From the United States Congress comes this good news for the University of Maine: The new Transportation Bill contains $1.2 million for wood-composites research, some of which may find its way to the school’s Advanced Engineered Wood Composites Center.
From the state of Ohio comes this interesting news for the university and for all working to build a new Maine economy: Ohio lawmakers, researchers and businesses are working to turn the Dayton area into Composite Valley, the space-age material equivalent of California’s fabled Silicon Valley.
Kettering, a Dayton suburb, is the home of the National Composite Center. It’s a modest operation, located in a once-abandoned Defense Department warehouse. As in Maine, researchers are working to make this material ever stronger, lighter and cheaper. As in Maine, a primary initial focus is to use composites in big public-works projects. The Ohio Legislature has funded the construction of 100 composite bridges; each of the state’s 88 counties will get at least one.
Here’s where it gets interesting, here’s where the story is, for Maine, one of those glass half-full, half-empty affairs. The Ohio project is moving beyond researching the use of composites in large-scale projects to the creation of everyday consumer items, everything from automobile fenders and pickup-truck beds to furniture, house shingles, even fishing rods. It’s the development part of R&D.
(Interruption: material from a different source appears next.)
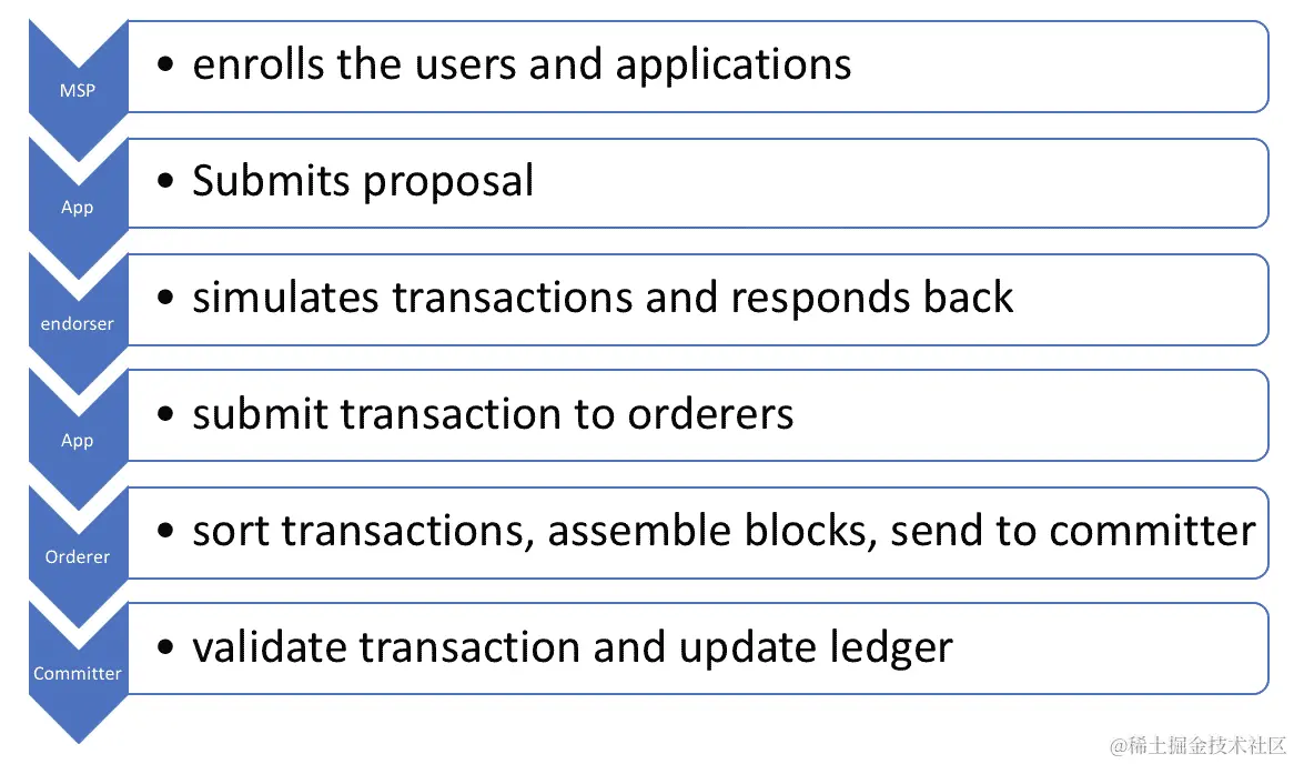 最后,我们有智能合约层,它在 Hyperledger 中提供链码服务,并利用安全容器技术来托管智能合约。我们稍后将更详细地看到Hyperledger Fabric部分中的所有这些内容。
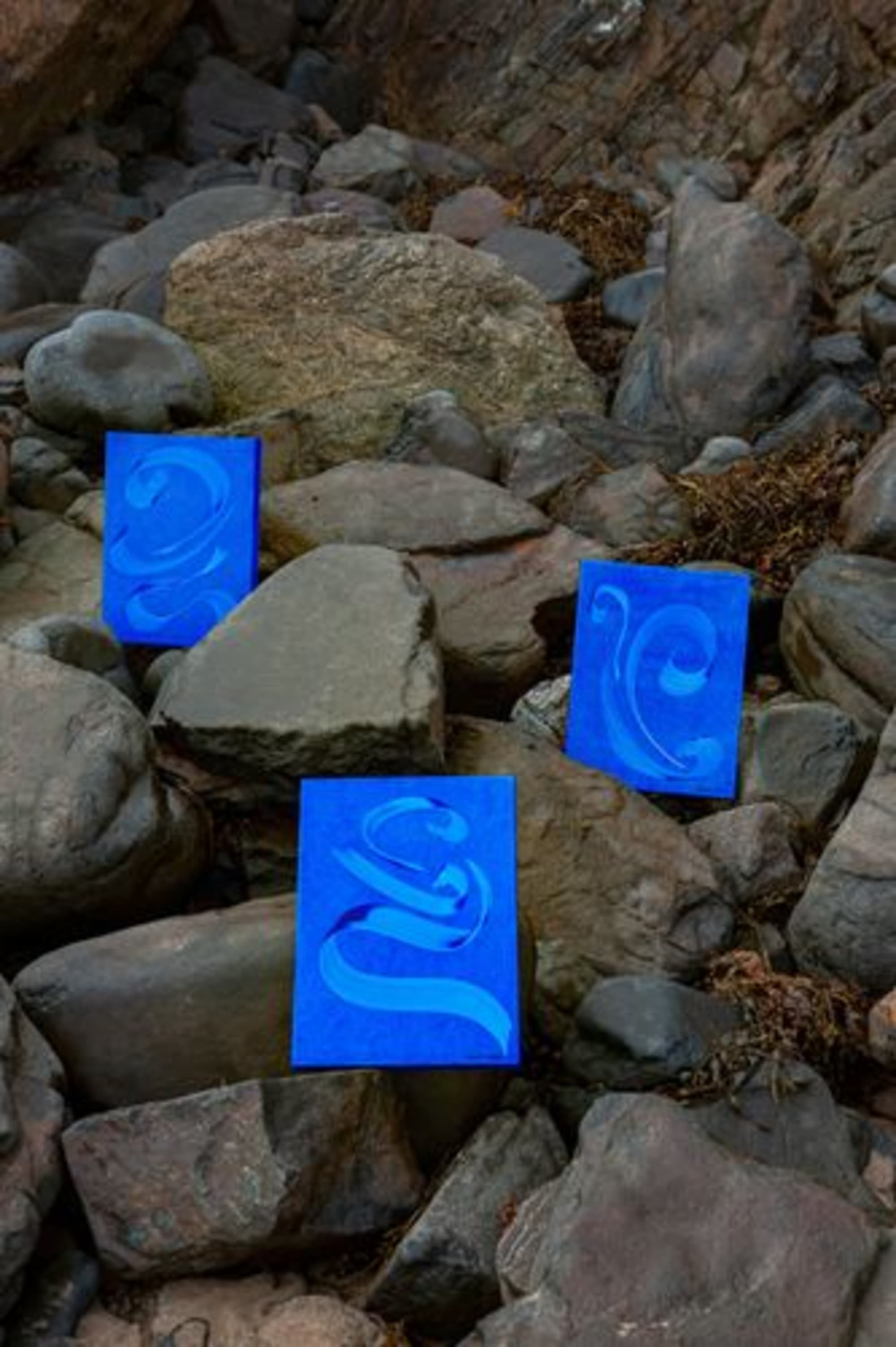 “Les traces du pinceau, dans le silence bleu soufflent leurs mots.”

For Maine, this project, along with the establishment of another major composites-research center in Oak Ridge, Tenn., confirms that composites are indeed a material with a virtually limitless future. Ohio is state with extensive experience in manufacturing — the participation of the steel and automobile industries only adds to the confirmation.
The half-empty part is that the market place likes size and speed. The innovator who gets a product out first and in sufficient numbers wins. The UMaine center has done extremely well in attracting federal grants — especially in transportation and defense. Maine voters and lawmakers should be proud of their recent investments in R&D. Now it’s time to start making stuff.
The driving force behind the Ohio project is the realization by lawmakers that employment in the state’s traditional heavy industries, particularly steel and automobiles, is in decline — even when more is being made, it’s being made with fewer workers. That’s why the Ohio project includes state-backed financing for composite-manufacturing business startups.
The parallel with Maine is unmistakable, especially Northern Maine, where the shoe industry has all but vanished and pulp and paper is downsizing. The region has experienced workers, available buildings, the raw materials. What it often doesn’t have is access to affordable capital.
It’s not hard to imagine dozens of small and medium manufacturing plants throughout northern Maine, turning out an endless variety of useful, highly value-added consumer products. As Maine lawmakers prepare for the upcoming session, they would do well to look at what’s happening in Ohio and imagining it happening here.